In contrast, the Association of Superannuation Funds of Australia (ASFA) released new research just days before the RBA’s report, challenging the view that superannuation funds pose a risk to financial stability.

Instead, ASFA argued that super funds strengthened Australia’s economy by boosting national savings, reducing reliance on foreign capital, and acting as a stabilising force during downturns.

The association pointed out that during periods of heightened volatility, super funds tend to deploy new financial capital in a countercyclical manner.

“The steady stream of contributions – particularly into the compulsory super system – provides a fairly predictable source of new demand for domestic securities. Net of stable outflows for the payment of retirement incomes, these annual flows amount to around $50 billion,” ASFA said.

“In addition, super funds – as investors with relatively long-time horizons – can afford to absorb short-term asset-price fluctuations and are reluctant to realise losses.”

The research also highlighted super funds’ role in past financial crises, including the Global Financial Crisis, when they provided critical liquidity as other capital sources dried up.

For its part, the RBA argued managing liquidity risk is expected to become more challenging, particularly with the anticipated growth of the super sector outpacing the domestic economy.

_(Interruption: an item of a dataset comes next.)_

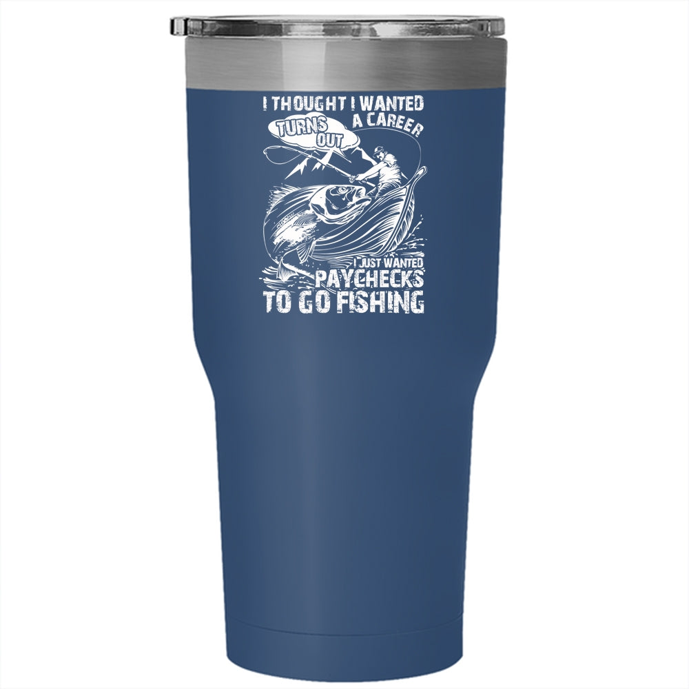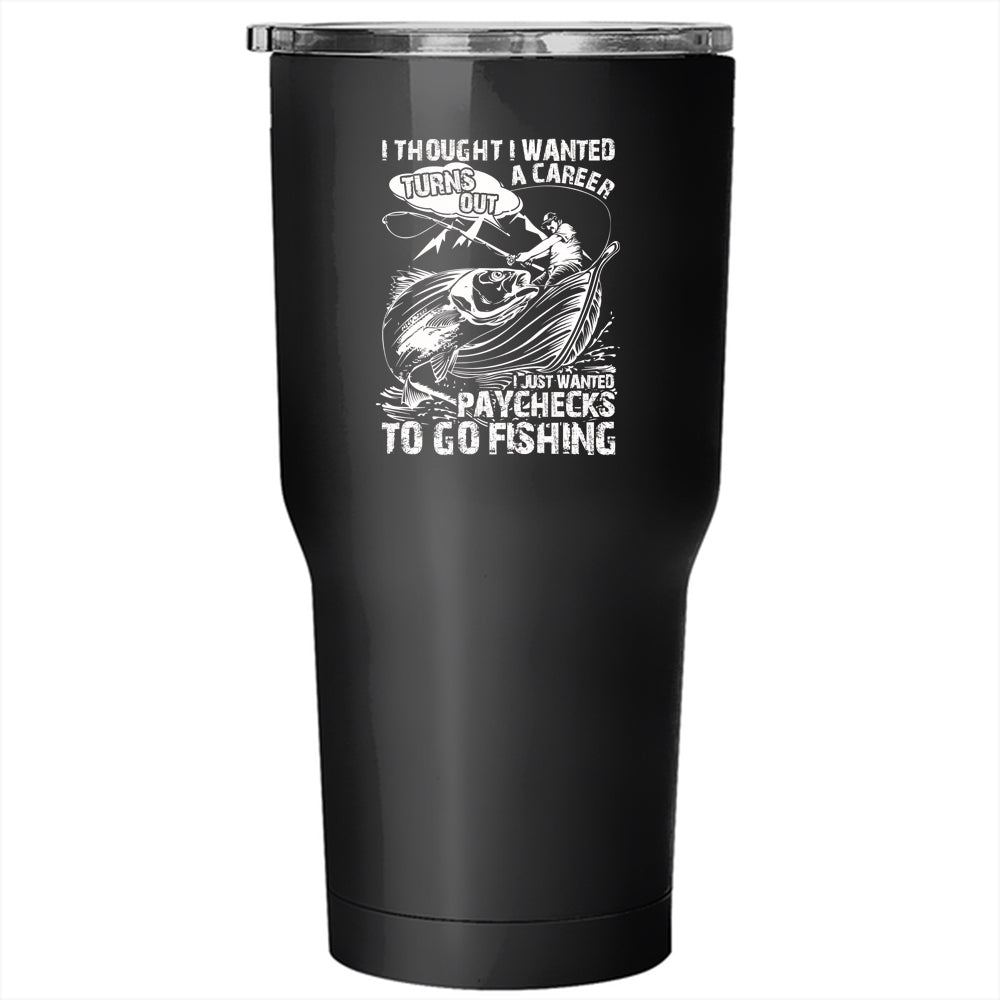 I Just Wanted Paychecks To Go Fishing Tumbler 30 oz Stainless Steel, Go Fishing Travel Mug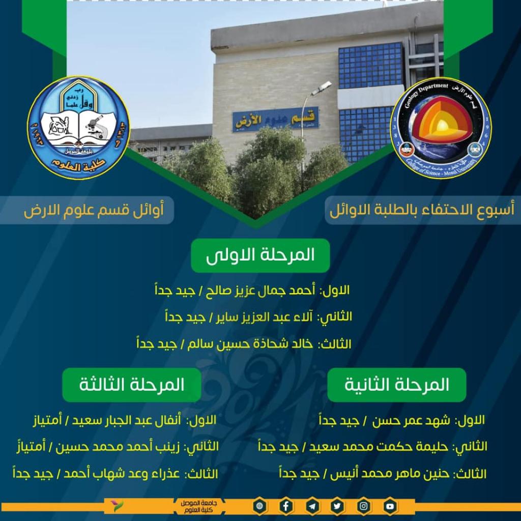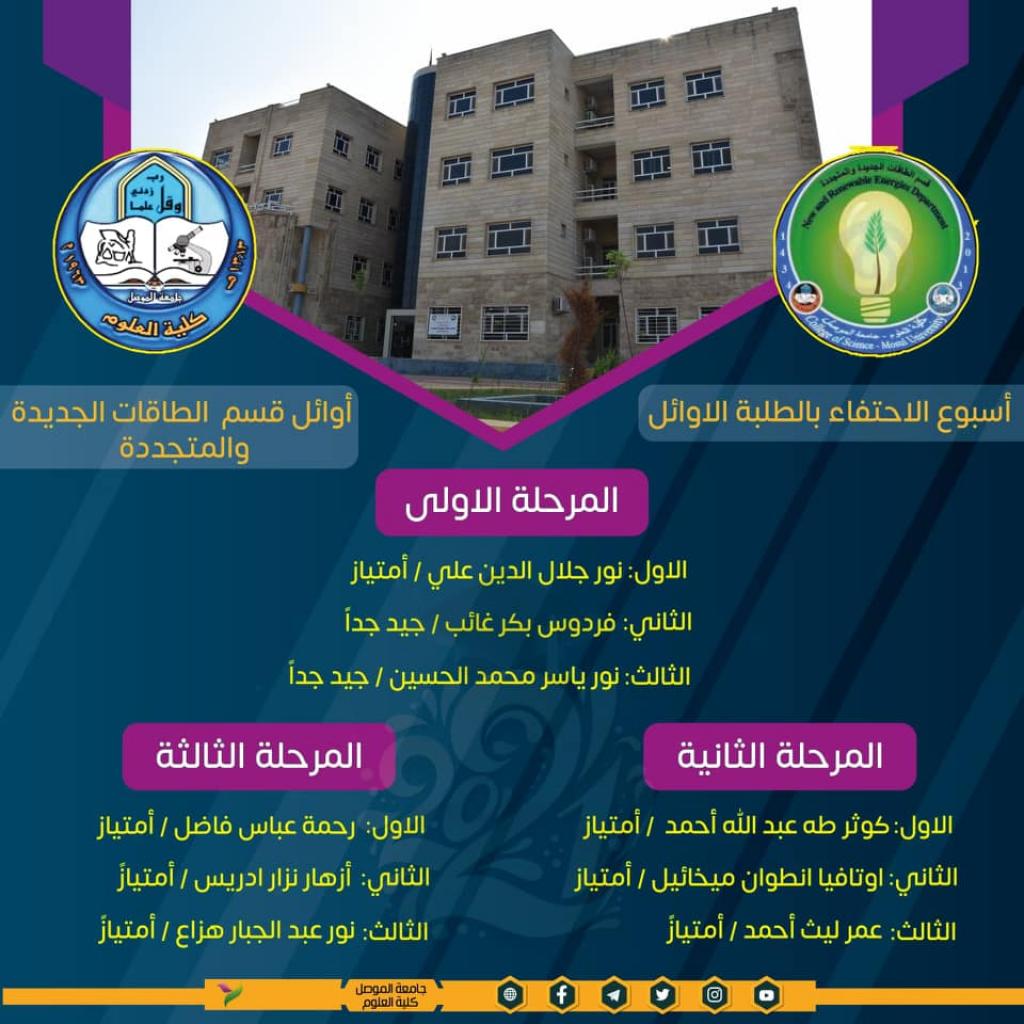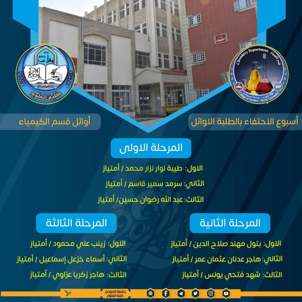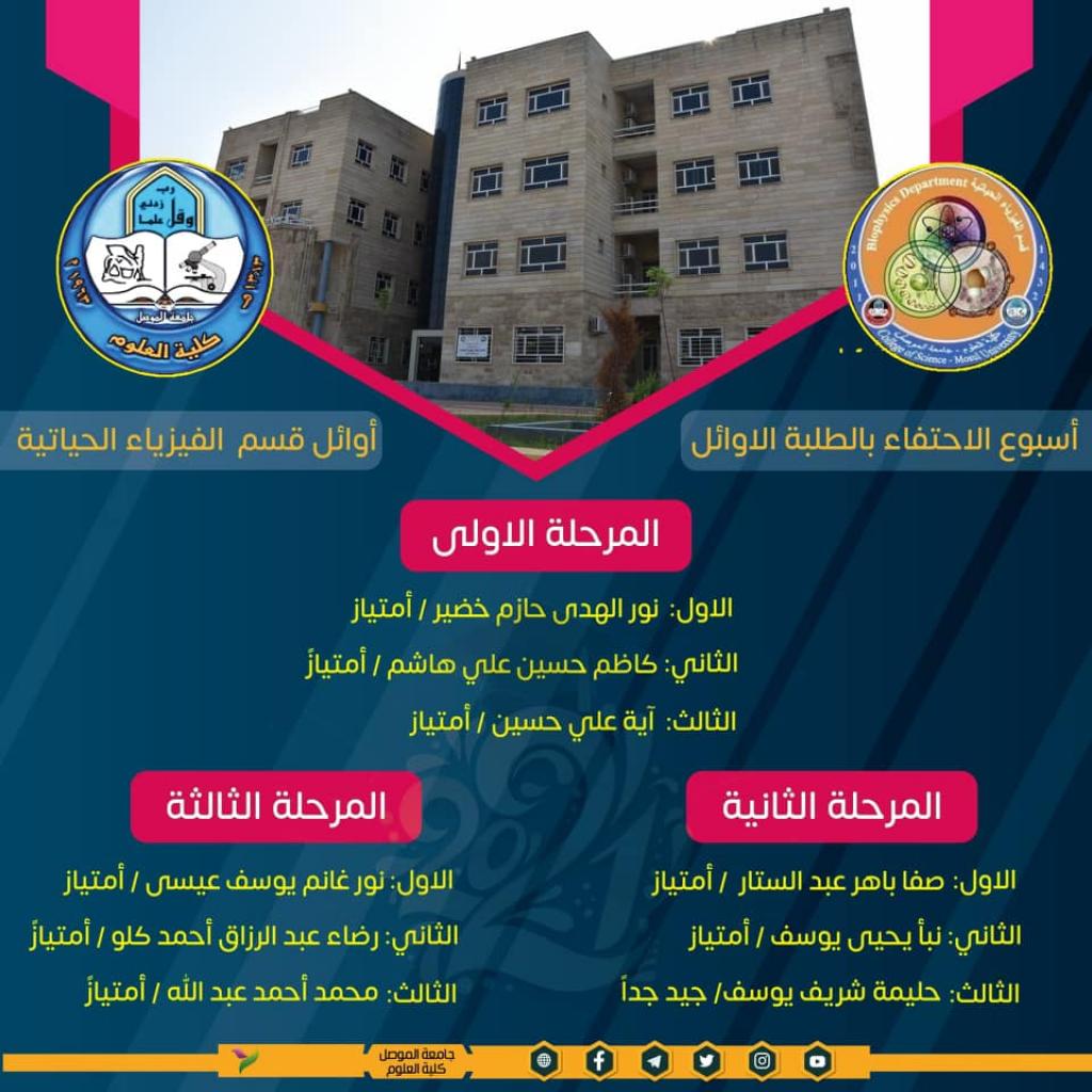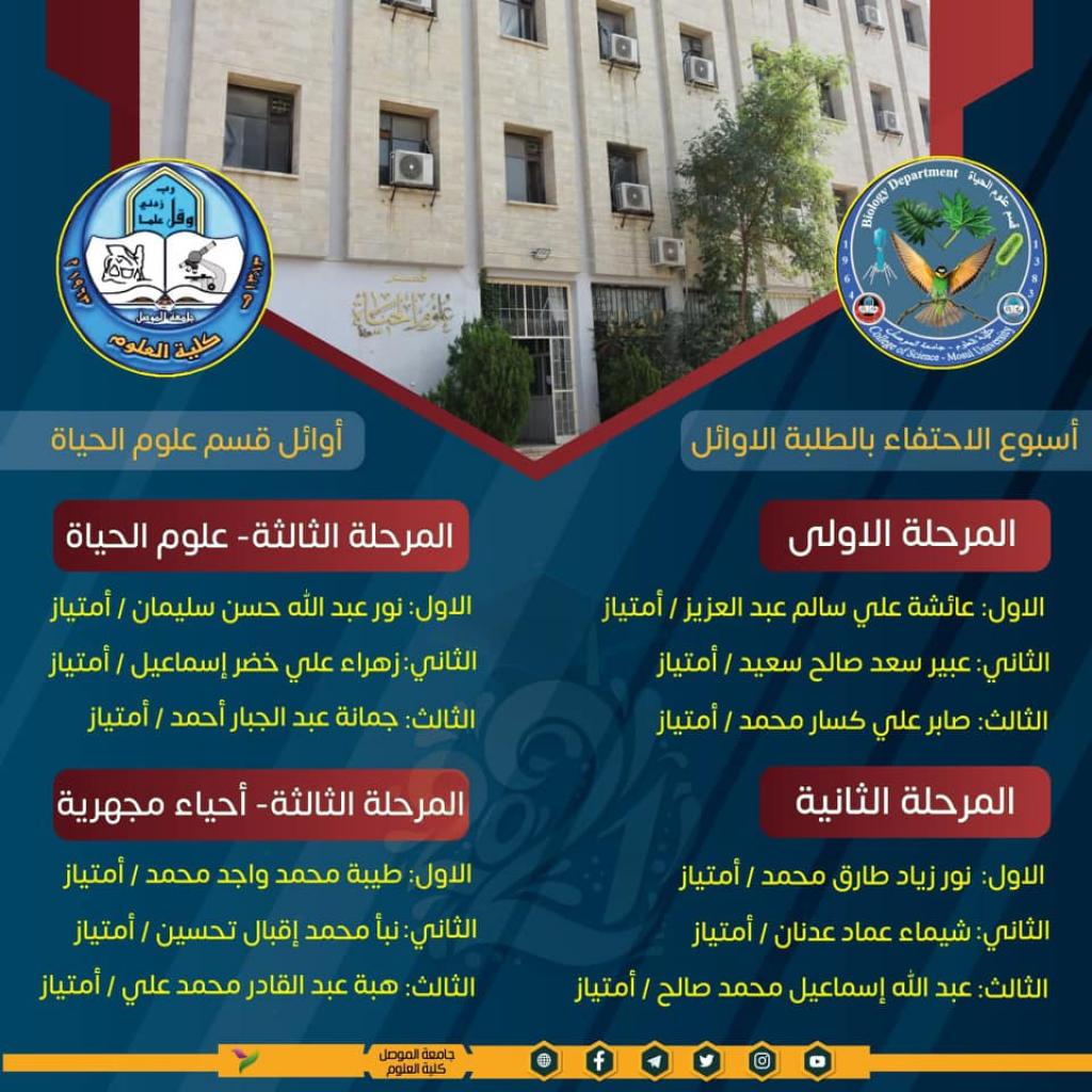 كلية العلوم تعلن عن أوائل المراحل الأولى والثانية والثالثة

With the shift in the demographic profile of members towards retirement, RBA said the net inflow of funds is expected to decline. Additionally, it said, as the sector expands relative to domestic markets, there is likely to be an increased reliance on foreign exchange hedges and investments in unlisted assets, which are harder to liquidate in times of stress.

The central bank pointed to a review carried out by the Australian Prudential Regulation Authority (APRA) in December, which found that several trustees required material improvements in both their valuation governance and liquidity risk frameworks.

The upcoming financial system risk stress test, scheduled for later this year, is expected to provide further insights into how the superannuation sector interacts with other financial sectors, especially during times of financial strain.